The genes that lead to coronary artery disease (CAD) also influence reproduction, research shows.
In order to reproduce successfully, researchers say, the genes for heart disease will also be inherited.
“…we suspected there must have been be some unknown benefit to retaining these genes for the disease.”
“Evolution, it seems, is involved in a trade-off where CAD only begins to appear at around 40-50 years of age when the potential beneficial effects of these genes on reproduction have already occurred,” explains lead author Sean Byars from the School of BioSciences at the University of Melbourne.
He says the team wanted to understand more about how CAD has been inherited in our evolutionary past, to better understand why it is so prevalent now.
An ancient disease
“CAD is often thought of as modern disease, but actually atherosclerosis, or thickening of the artery walls, has been detected in Egyptian mummies, so we suspect it has been in our genes for thousands of years.”
CAD currently affects 110 million people and causes 8.9 million deaths annually, according to 2015 figures.

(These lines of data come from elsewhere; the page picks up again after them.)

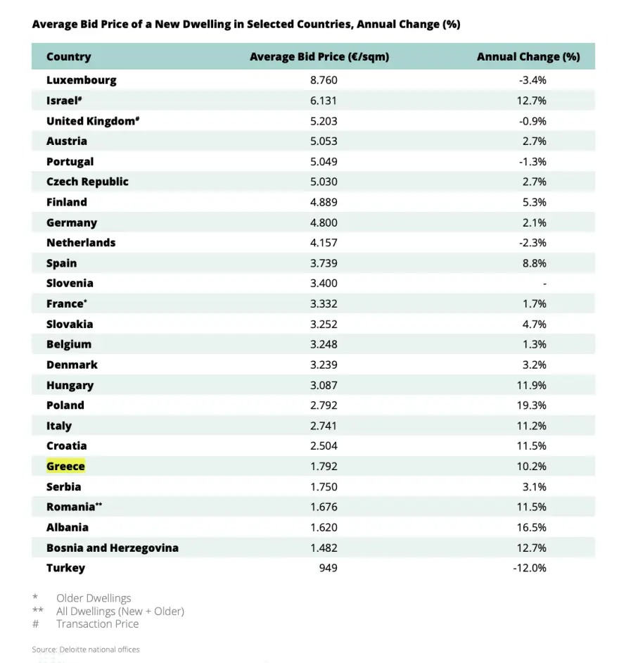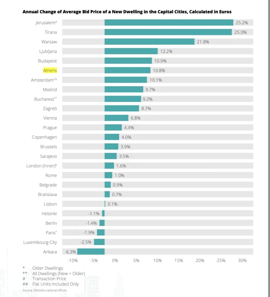 Τα στοιχεία προέρχονται από την τελευταία μελέτη σε 28 χώρες ανά την Ευρώπη της Deloitte, της γνωστής εταιρείας παροχής ελεγκτικών, φορολογικών, συμβουλευτικών, χρηματοοικονομικών και λοιπών υπηρεσιών που μετρά μέσω των κατά τόπους γραφείων της κάθε χρόνο τις επιδόσεις της αγοράς κατοικίας.
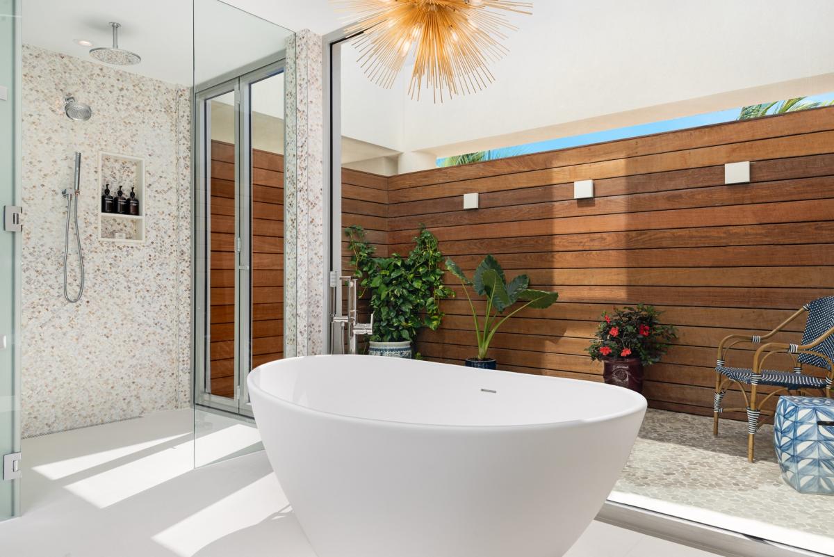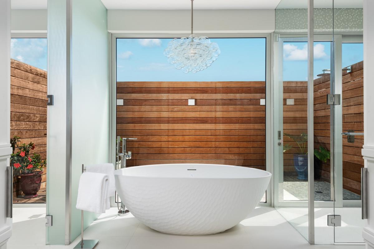 Bedroom 1: 1200 sq ft Principal Suite – King Bed, Living Room, Ensuite Bathroom with Bathtub and Shower, Oceanfront
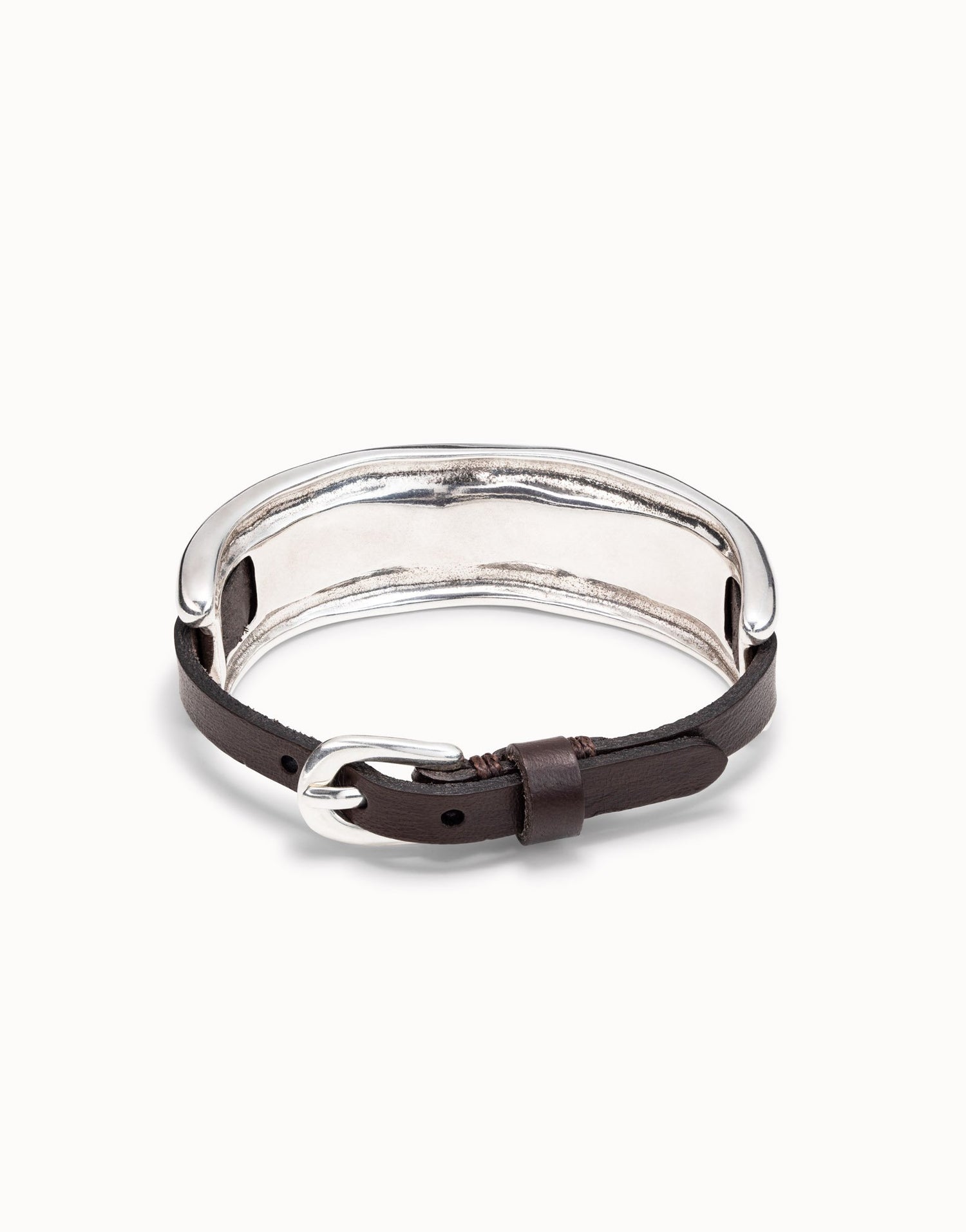 This Total UNO Bracelet by UNOde50 from the Shapes collection features a combination of sterling silver-plated metal and genuine brown leather, handcrafted in Spain. Its adjustable buckle clasp allows for a customized fit, providing comfort and versatility. Perfect for stacking or solo wear, the bracelet embodies artisanal craftsmanship, contemporary style, and sophisticated elegance. The rich textures of leather and polished metal create visual interest and a modern aesthetic. This piece reflects UNOde50’s commitment to high-quality, handmade jewelry that merges functionality, style, and expressive design, offering a versatile, statement accessory for everyday or special occasions.

“According to the theory of natural selection, as proposed by Charles Darwin, genes for traits that improve individual survival or reproduction will increase or be maintained in populations, whereas those that reduce our chances of survival will be selected against and gradually removed or reduced over time.
“So it was unclear why CAD remains so common in modern humans and this is important to understand given the global health burden it represents,” explains Byars.
The team analyzed 56 genetic regions for CAD in 12 worldwide populations originating mainly from Africa, Europe, and East Asia, and used a statistical score to measure whether there had been recent selective changes to DNA associated with the disease.
‘Some unknown benefit’
Associate Professor Michael Inouye, who also led the study, says the findings show that many genes associated with CAD have actually been positively selected through evolution.
“So we suspected there must have been be some unknown benefit to retaining these genes for the disease,” says Inouye, based at the Baker Heart and Diabetes Institute.
“After further research, we found CAD genes are also important for reproduction and involved in important functions in male and female fertility being expressed in the testes, ovaries, and endometrium, for example.
“This represents direct evidence that genes that have been under selection are also beneficial for reproduction and, yet, are associated with occurrence of a common disease later in life,” Inouye says.
“This doesn’t necessarily mean that women with many children are more likely to develop heart disease, it may simply mean that the disease is a by-product of humans being able to reproduce well,” adds Byars.
The results also provide insights on how selection for CAD genes differs between populations, and how these populations might respond differently to the same heart disease prevention strategies.
Reading before writing
Inouye says that ultimately these results give us some idea how complicated the effects of genes can be.
He adds that we need to be cautious with new gene-editing techniques like CRISPR, as unintended effects may be introduced which may not reveal themselves for decades or more.
“It’s a bit like a balloon, if you push on one side of it, the air will push out in other places and if you don’t know what the balloon looks like then you won’t be able to predict where.
“Our genomes are similarly complex and we need to learn more in order to read them, much less write them.”
The study appears in the journal PLOS Genetics.